#### PROBLEM TO WORK ON
For this task, extract exactly the lines of the data below, from the line containing "Tại thời điểm" through the last one, with pictures left out.

--------------------------------

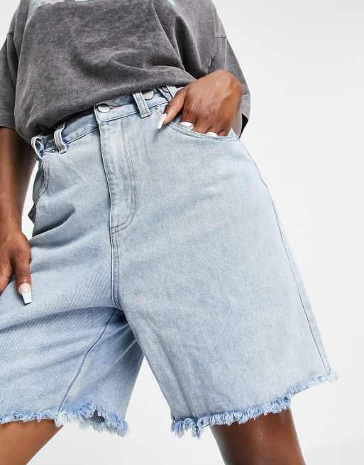 Emory Park - Lange, ruimvallende mom shorts in light wash denim
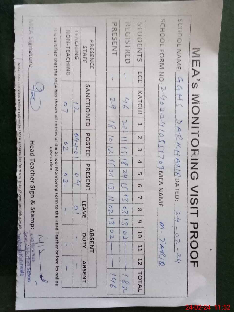 | EMIS Code: 36410038 | Name of School: GGHS DARKHANA, ABDUL HAKIM | |||
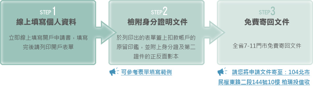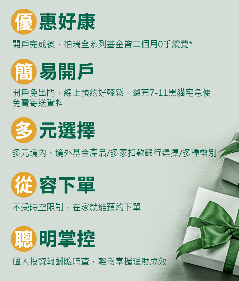 2021/1/1~2021/12/31成功開立柏瑞投信網路交易戶,可取得二個月全系列(註)基金不限筆數,不限單筆或定期定額「線上申購」0手續費。
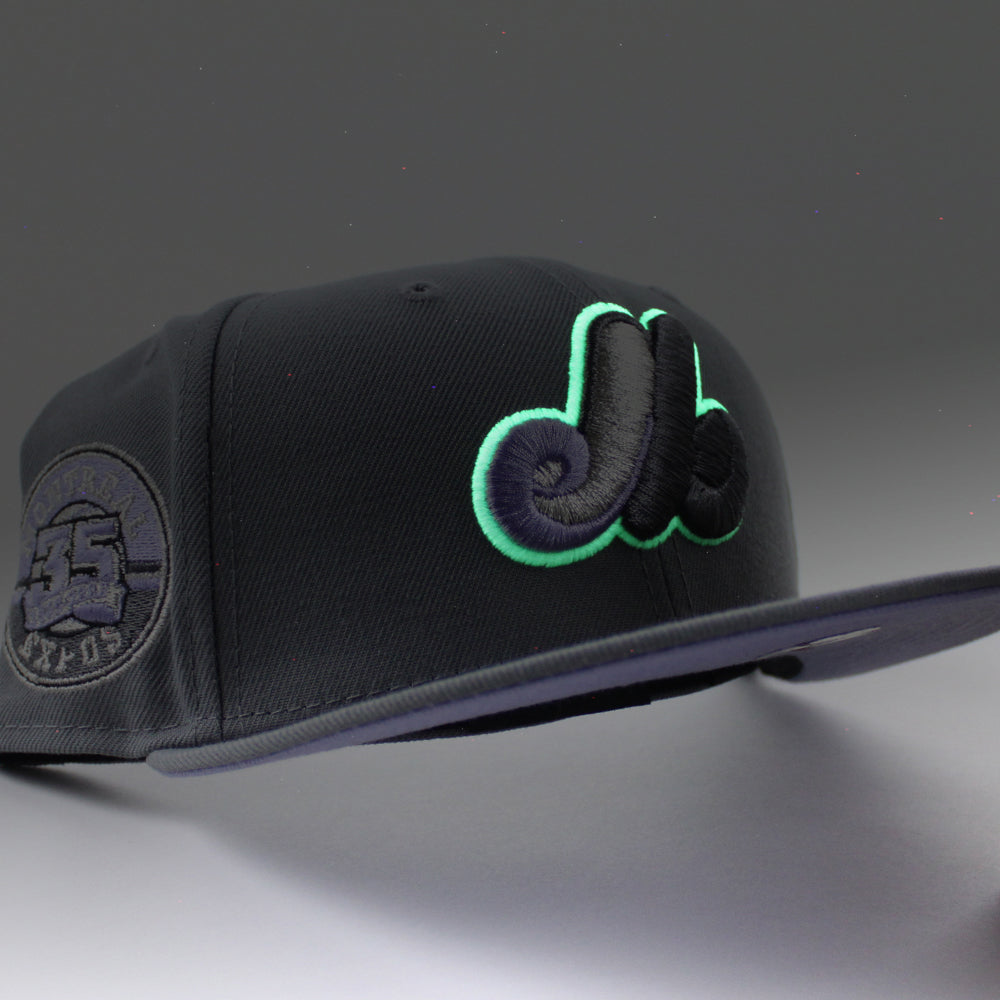 Montreal Expos 35th Anniversary New Era Fitted 59Fifty Hat (GITD Storm Gray Lavender Under Brim)
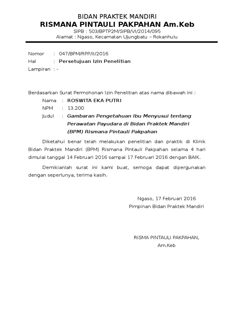 Contoh Surat Balasan Penelitian Doc Document from static.fdokumen.com Surat permohonan ini dibuat oleh pihak universitaskampus jika lingkup kampus yang luas surat ini akan dikeluarkan oleh bagian jurusanprogram studi namun pada kasus. Hal itu tentunya perlu menggunakan surat penawaran untuk dapat menawarkan jasa. Kumpulan contoh surat balasan penelitian perusahaan terbaik 2019. Tak hanya menawarkan barang dan produk, banyak juga perusahaan yang menawarkan di bidang jasa. Jalan protokol no 12, sinabung, lampung timur. Contoh surat balasan penelitian 2019 kumpulan contoh surat dan doc surat balasan izin penelitian fe novita juni 201666666 docx 7 surat telah melakukan penelitian Lampiran 15 surat keterangan telah melakukan penelitian. 10 contoh surat permohonan bantuan dana izin kerjasama rekomendasi dll doc by udy tyas.
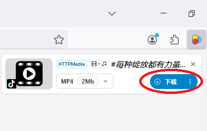 Video DownloadHelper嗅探到视频资源后,其图标会由灰色变为彩色,点击,会弹出如下图所示的浮动窗,点击『下载』按钮即可下载视频,速度杠杠滴。
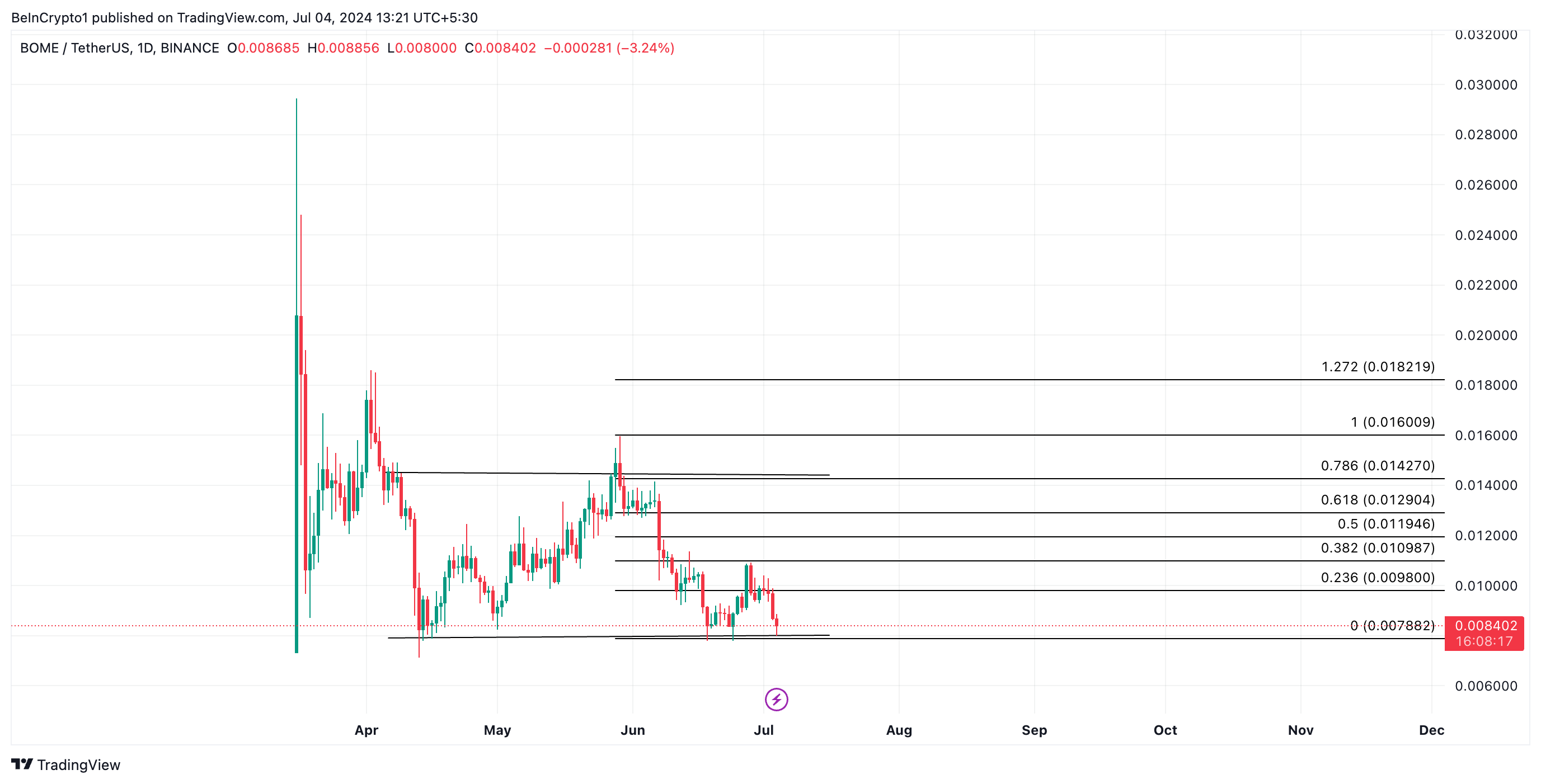 Tại thời điểm viết bài, đồng meme coin này đang được giao dịch ở mức 0.0084 USD, có khả năng sẽ giảm xuống dưới mức hỗ trợ quan trọng.
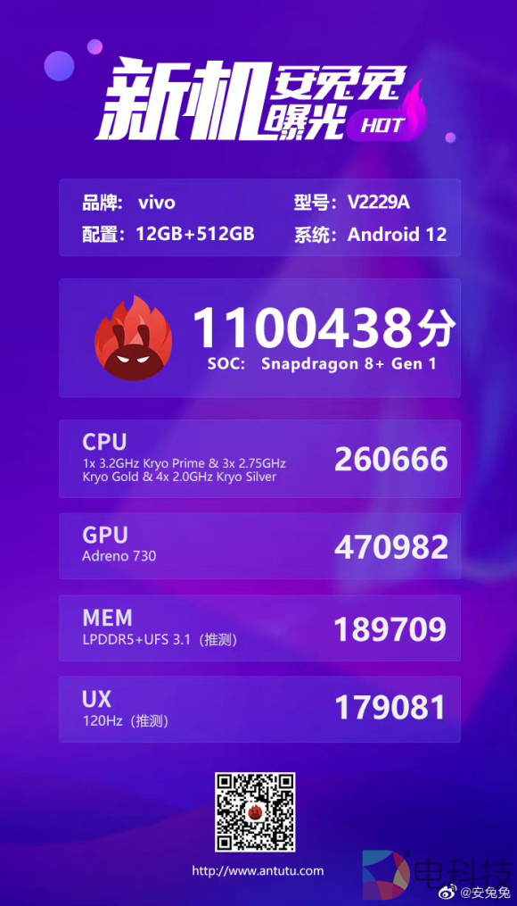 早在周一,vivo高管在其个人微博对X Fold+进行预热,宣布将会在X Fold的配色基础之上增加红色外观,并且将快充升级到有线80W和无线50W,电池也增加到了4730毫安时,这让X Fold+充电速度更快、续航更长。而产品性能部分,vivo X Fold+将搭载骁龙8+旗舰芯片。根据安兔兔APP的截图显示,X Fold+的跑分更是超过了110万分,不仅在折叠屏手机产品线中遥遥领先,即便是放在整个手机行业当中来看,也是当之无愧的旗舰级产品,让X Fold的天花板配置做到了恒者更强。

--------------------------------

#### YOUR RESPONSE
 Tại thời điểm viết bài, đồng meme coin này đang được giao dịch ở mức 0.0084 USD, có khả năng sẽ giảm xuống dưới mức hỗ trợ quan trọng.
 早在周一,vivo高管在其个人微博对X Fold+进行预热,宣布将会在X Fold的配色基础之上增加红色外观,并且将快充升级到有线80W和无线50W,电池也增加到了4730毫安时,这让X Fold+充电速度更快、续航更长。而产品性能部分,vivo X Fold+将搭载骁龙8+旗舰芯片。根据安兔兔APP的截图显示,X Fold+的跑分更是超过了110万分,不仅在折叠屏手机产品线中遥遥领先,即便是放在整个手机行业当中来看,也是当之无愧的旗舰级产品,让X Fold的天花板配置做到了恒者更强。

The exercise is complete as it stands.